ScaNN(可扩展最近邻)是一种用于高效向量相似性搜索的方法,适用于大规模数据。

ScaNN 包含搜索空间修剪和量化,用于最大内积搜索,并且还支持其他距离函数,例如欧氏距离。该实现针对支持 AVX2 的 x86 处理器进行了优化。有关更多详细信息,请参见其 Google Research github

您需要通过 pip install -qU langchain-community 安装 langchain-community 才能使用此集成

安装

通过 pip 安装 ScaNN。或者,您可以按照 ScaNN 网站 上的说明从源代码安装。

%pip install --upgrade --quiet  scann

检索演示

下面我们将展示如何在结合使用 ScaNN 和 Huggingface 嵌入的情况下使用 ScaNN。

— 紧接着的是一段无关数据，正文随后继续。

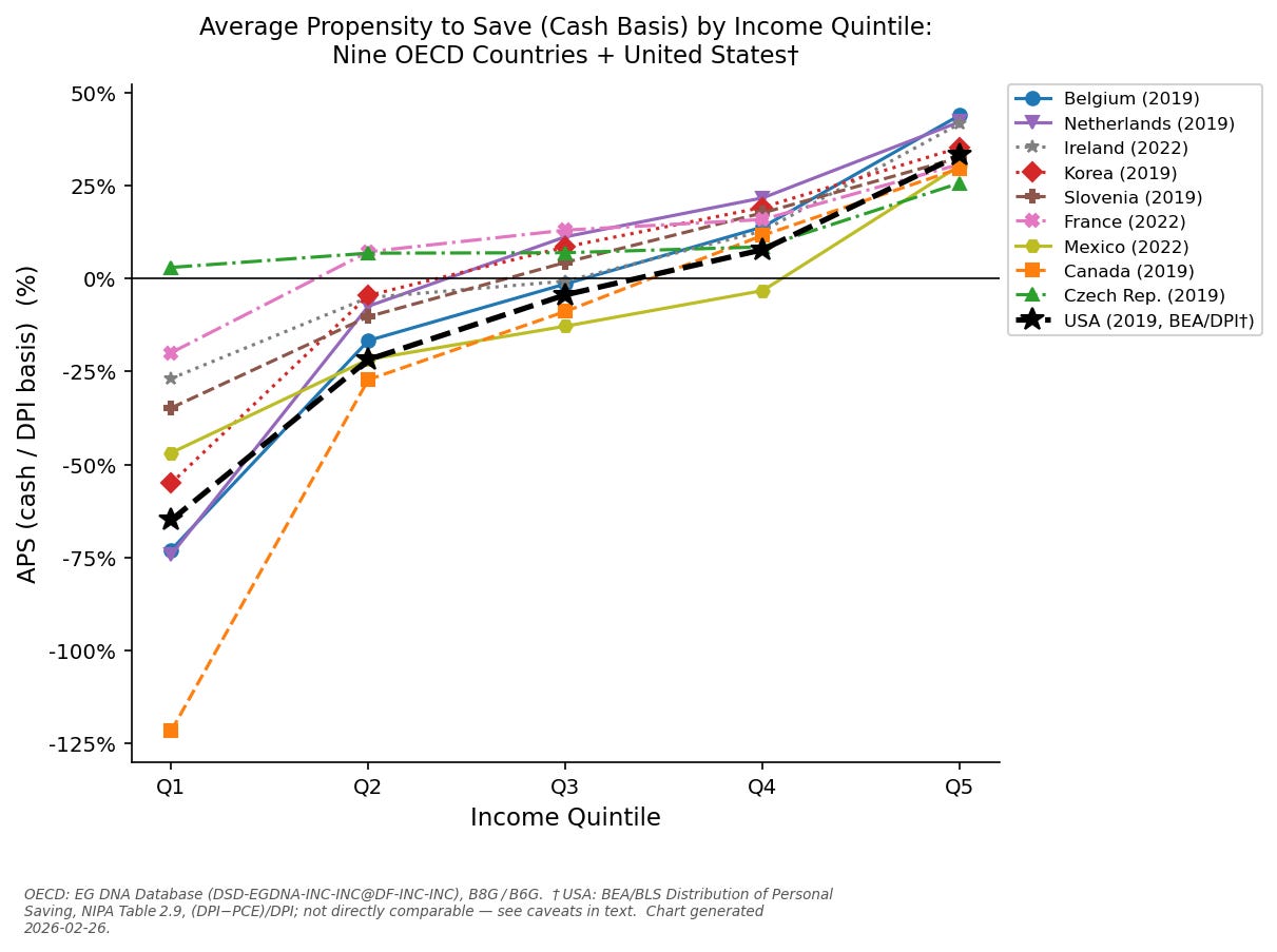 3 OECD data for nine countries are drawn from the OECD Experimental Statistics on Household Distributional Accounts (dataflow DSD_EGDNA_INC_INC), accessed via the OECD SDMX REST API. The APS shown is the adjusted basis: APSadj=B8G/B7G, where B8G is gross saving and B7G is gross adjusted disposable income including Social Transfers in Kind (D63). Reference years: 2019 for Belgium, Canada, Czech Republic, Korea, Netherlands, and Slovenia; 2022 for France, Ireland, and Mexico. Cross-country comparability caveats: (1) The US DPI concept excludes D63; the closest OECD comparator is the cash basis (B6G), so the US gradient shown is somewhat narrower than a fully comparable figure would be. (2) France’s P41 submission covers cash consumption only (P3), making its adjusted-basis APS not directly comparable to other countries. (3) Quintile equivalisation scales differ across datasets. Despite these caveats, qualitative conclusions are robust: the US gradient of +98 pp would be wider, not narrower, on a fully comparable cash basis; Czech Republic’s positive saving at every quintile is confirmed on both adjusted and cash bases.

from langchain_community.document_loaders import TextLoader
from langchain_community.vectorstores import ScaNN
from langchain_huggingface import HuggingFaceEmbeddings
from langchain_text_splitters import CharacterTextSplitter

loader = TextLoader("state_of_the_union.txt")
documents = loader.load()
text_splitter = CharacterTextSplitter(chunk_size=1000, chunk_overlap=0)
docs = text_splitter.split_documents(documents)

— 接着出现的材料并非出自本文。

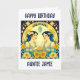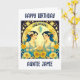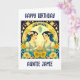 Cartão de Aniversário Personalizado Lindos gêmeos Gemini cercados por estrelas e flores em amarelo e azul. Bonito arte celestial eetérea do zodíaco.

model_name = "sentence-transformers/all-mpnet-base-v2"
embeddings = HuggingFaceEmbeddings(model_name=model_name)

db = ScaNN.from_documents(docs, embeddings)
query = "What did the president say about Ketanji Brown Jackson"
docs = db.similarity_search(query)

docs[0]

检索QA 演示

接下来,我们将演示如何在结合使用 ScaNN 和 Google PaLM API 的情况下使用 ScaNN。

您可以从 https://developers.generativeai.google/tutorials/setup 获取 API 密钥

from langchain.chains import RetrievalQA
from langchain_community.chat_models.google_palm import ChatGooglePalm

palm_client = ChatGooglePalm(google_api_key="YOUR_GOOGLE_PALM_API_KEY")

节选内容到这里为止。